WHAT THE TASK ASKS:
Copy the material below verbatim from the line with "流れキジもボス格のチャトラに" to the line with "雅安交建集團(tuán)運(yùn)通貿", both lines included, omitting pictures and every line outside that range.

===== INPUT RECORDS

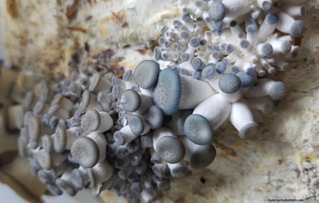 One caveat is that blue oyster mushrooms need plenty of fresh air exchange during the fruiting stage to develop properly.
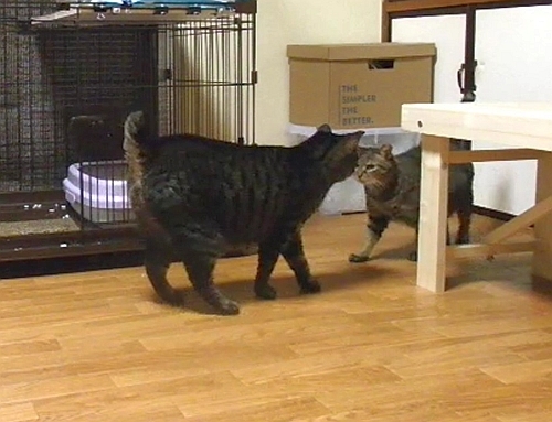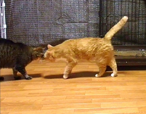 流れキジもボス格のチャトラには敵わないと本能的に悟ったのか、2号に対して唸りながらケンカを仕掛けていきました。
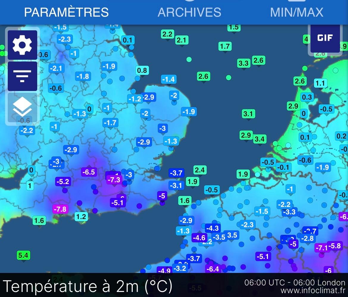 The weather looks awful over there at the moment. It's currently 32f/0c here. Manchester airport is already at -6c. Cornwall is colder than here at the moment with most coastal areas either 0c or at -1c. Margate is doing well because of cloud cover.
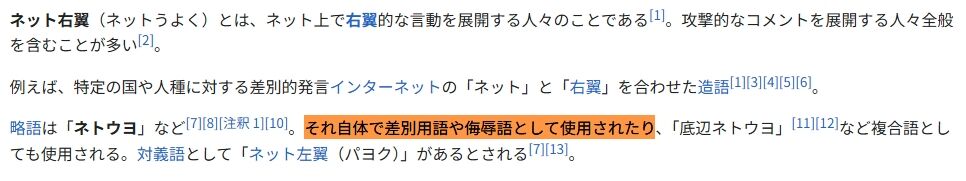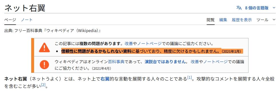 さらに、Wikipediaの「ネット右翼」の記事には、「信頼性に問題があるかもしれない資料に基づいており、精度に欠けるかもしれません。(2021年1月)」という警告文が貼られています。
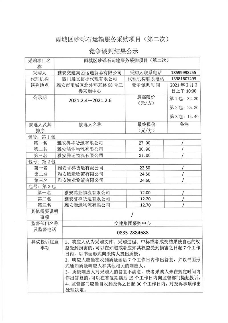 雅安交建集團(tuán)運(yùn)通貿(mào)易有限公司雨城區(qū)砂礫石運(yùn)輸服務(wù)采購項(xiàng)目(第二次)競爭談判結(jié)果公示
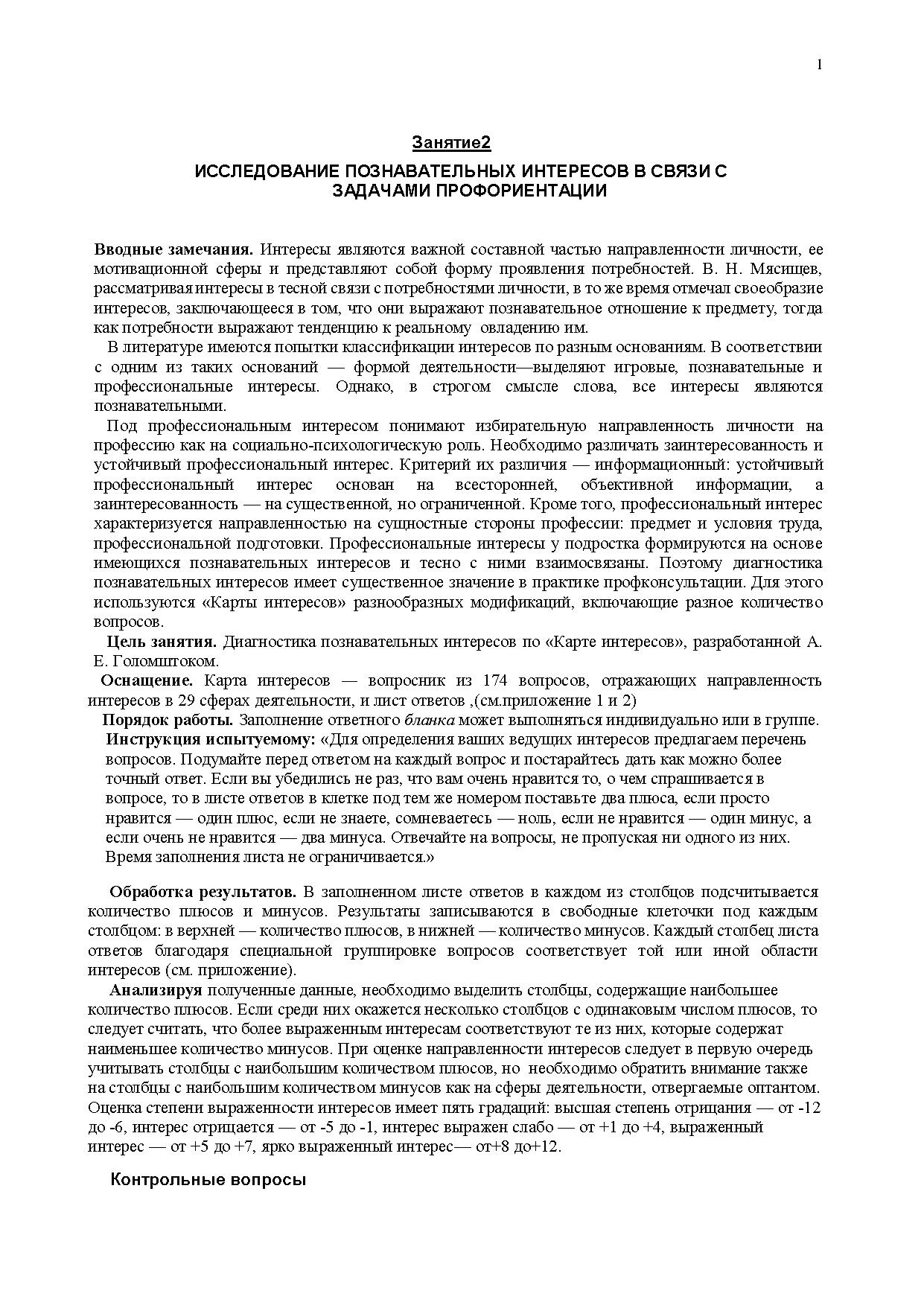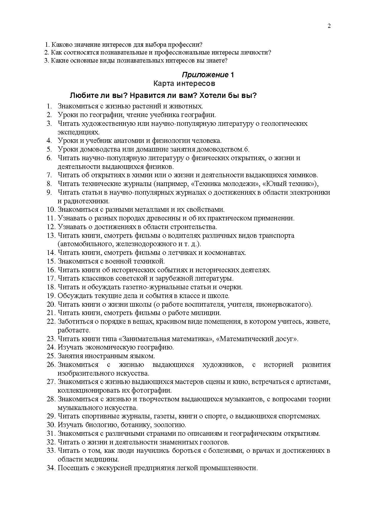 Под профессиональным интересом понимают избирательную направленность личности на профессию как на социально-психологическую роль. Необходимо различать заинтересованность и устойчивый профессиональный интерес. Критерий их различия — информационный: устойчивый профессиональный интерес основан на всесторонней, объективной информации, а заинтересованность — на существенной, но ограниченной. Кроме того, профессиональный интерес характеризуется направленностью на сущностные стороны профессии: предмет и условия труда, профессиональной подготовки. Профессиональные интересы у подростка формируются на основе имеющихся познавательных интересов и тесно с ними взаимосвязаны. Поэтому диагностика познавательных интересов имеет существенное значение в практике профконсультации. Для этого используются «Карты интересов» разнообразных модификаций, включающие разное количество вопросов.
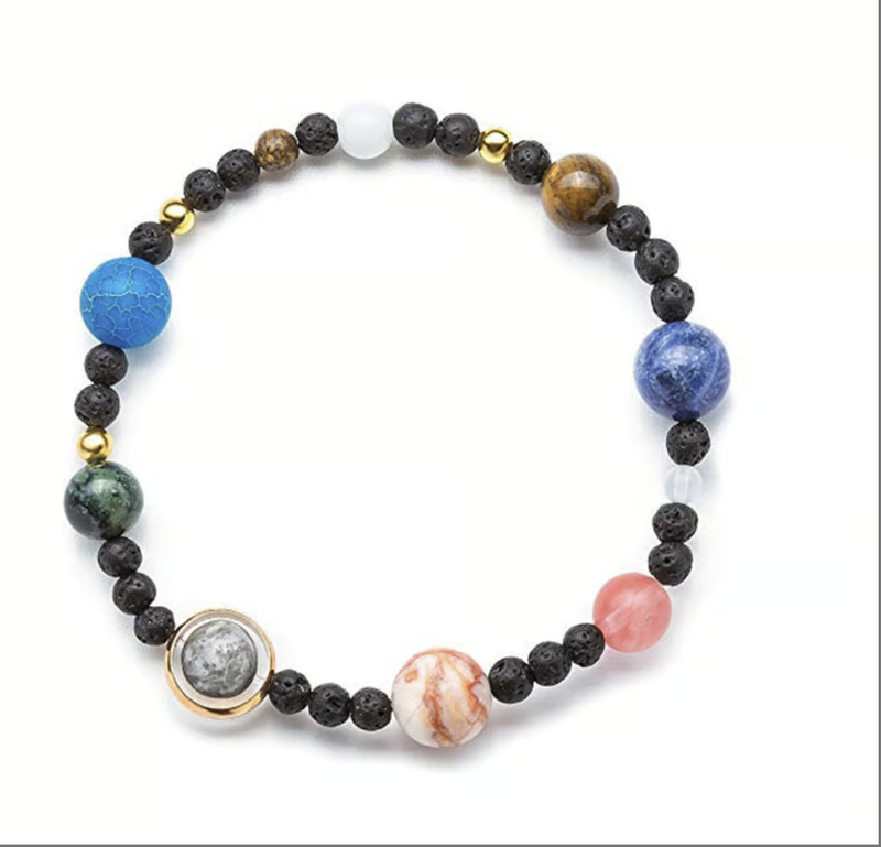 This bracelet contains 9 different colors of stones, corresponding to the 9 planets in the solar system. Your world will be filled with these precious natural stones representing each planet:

==========

RESPONSE TO THE TASK:
 流れキジもボス格のチャトラには敵わないと本能的に悟ったのか、2号に対して唸りながらケンカを仕掛けていきました。
 The weather looks awful over there at the moment. It's currently 32f/0c here. Manchester airport is already at -6c. Cornwall is colder than here at the moment with most coastal areas either 0c or at -1c. Margate is doing well because of cloud cover.
 さらに、Wikipediaの「ネット右翼」の記事には、「信頼性に問題があるかもしれない資料に基づいており、精度に欠けるかもしれません。(2021年1月)」という警告文が貼られています。
 雅安交建集團(tuán)運(yùn)通貿(mào)易有限公司雨城區(qū)砂礫石運(yùn)輸服務(wù)采購項(xiàng)目(第二次)競爭談判結(jié)果公示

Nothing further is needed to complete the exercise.